Income Redistribution – A Brilliant Plan

Robert B. Reich, the author of Supercapitalism, teaches at Berkeley. Suffice it to say, therefore, that he is a left-wing loon. In an Economist interview (on podcast), however, he made a lot of sense.

In the context of a discussion about Mike Huckabee’s extremely regressive ‘fair tax’, Reich was speaking of income inequality (as always). What was striking about this discussion, however, was that [Reich] all but acknowledged the progressiveness of a lower tax rate (in contradistinction to the absence of an income tax) in that, with a lower tax rate, higher income earners pay more taxes both in relative and absolute terms. That is to say, rich people pay more as a percentage of the total tax bill as well as more absolutely. Heck, even Pelosi’s on the Kennedy/Reagan low tax train.

Now, the point Reich made was that, in order to combat income inequality and make the tax code more progressive, what needs to be done first is the following: since low and middle income folks pay little tax beside those payroll withholdings (e.g., Social Security, Medicare, etc.), taxes on [e.g., Social Security] withholdings should not start at zero. The withholdings should not begin, e.g., until someone makes $15K and the limit on what’s taxed should be raised accordingly (to offset the difference).*

This would be a huge redistribution of income and while it will hurt the upper middle class most, it won’t be much of a dent on the super-rich, since the lower tax rate more than offsets the difference they’ll pay.

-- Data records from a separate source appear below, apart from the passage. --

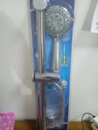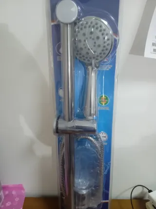 Set completo per la doccia, include asta, soffione e flessibile. - Finitura in metallo lucido. - Asta regolabile in altezza. - Soffione con diversi getti d'acqua.
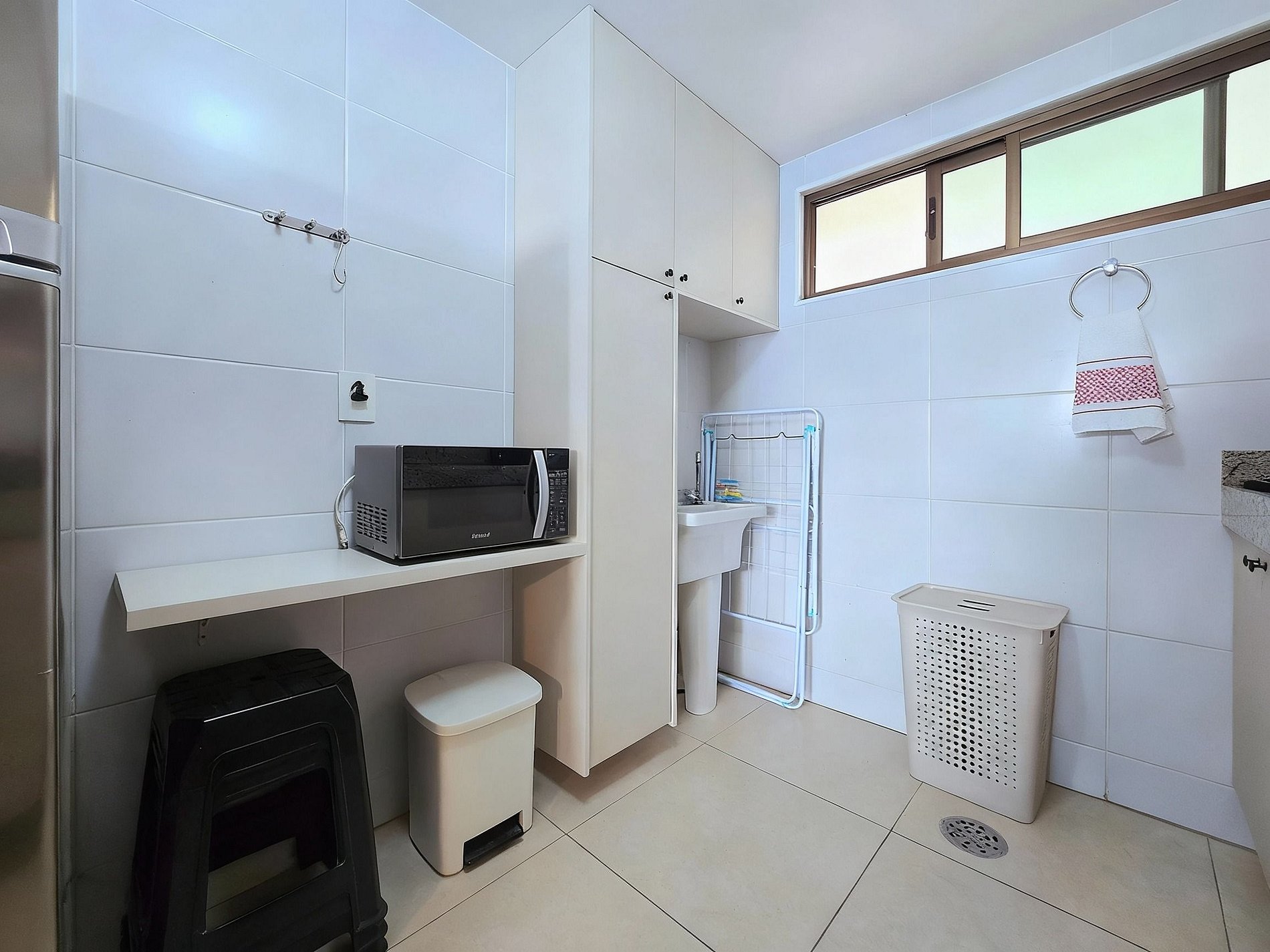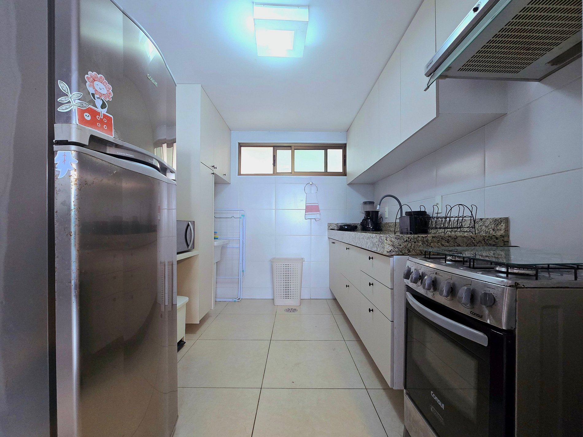 Cozinha Completa: Fogão, forno, coifa, geladeira, micro-ondas, cafeteira, sanduicheira, liquidificador, além de copos, pratos e talheres. O imóvel também conta com secador de cabelo, ferro de passar e varal.
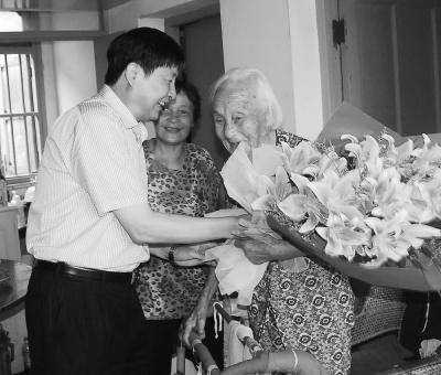 闵行区吴泾镇塘湾村3组的沈秋琴老人百岁了!镇、村干部上门道贺,镇党委书记张国荣还专门送上“万元敬老奖”和书有“福如东海、寿比南山”大蛋糕,老人乐得合不拢嘴(如图)。由于吴泾镇环境的逐年优化,老年农民每年体检、80岁以上老人增送牛奶、90岁以上老人增送代步车、百岁老人发放一次性万元敬老奖等措施的落实,吴泾老人的幸福感持续增强。

Brilliant. Just brilliant. See? This just goes to show, even if you think someone is a nutjob, if they’re smart, it pays to listen (at least once in a while) because you might learn something!

*withholdings. The current tax code is set up to capture individuals’ first $90K or something for Social Security. Any income over and above that ($90K plus one cent to infinity) is not subject to withholding.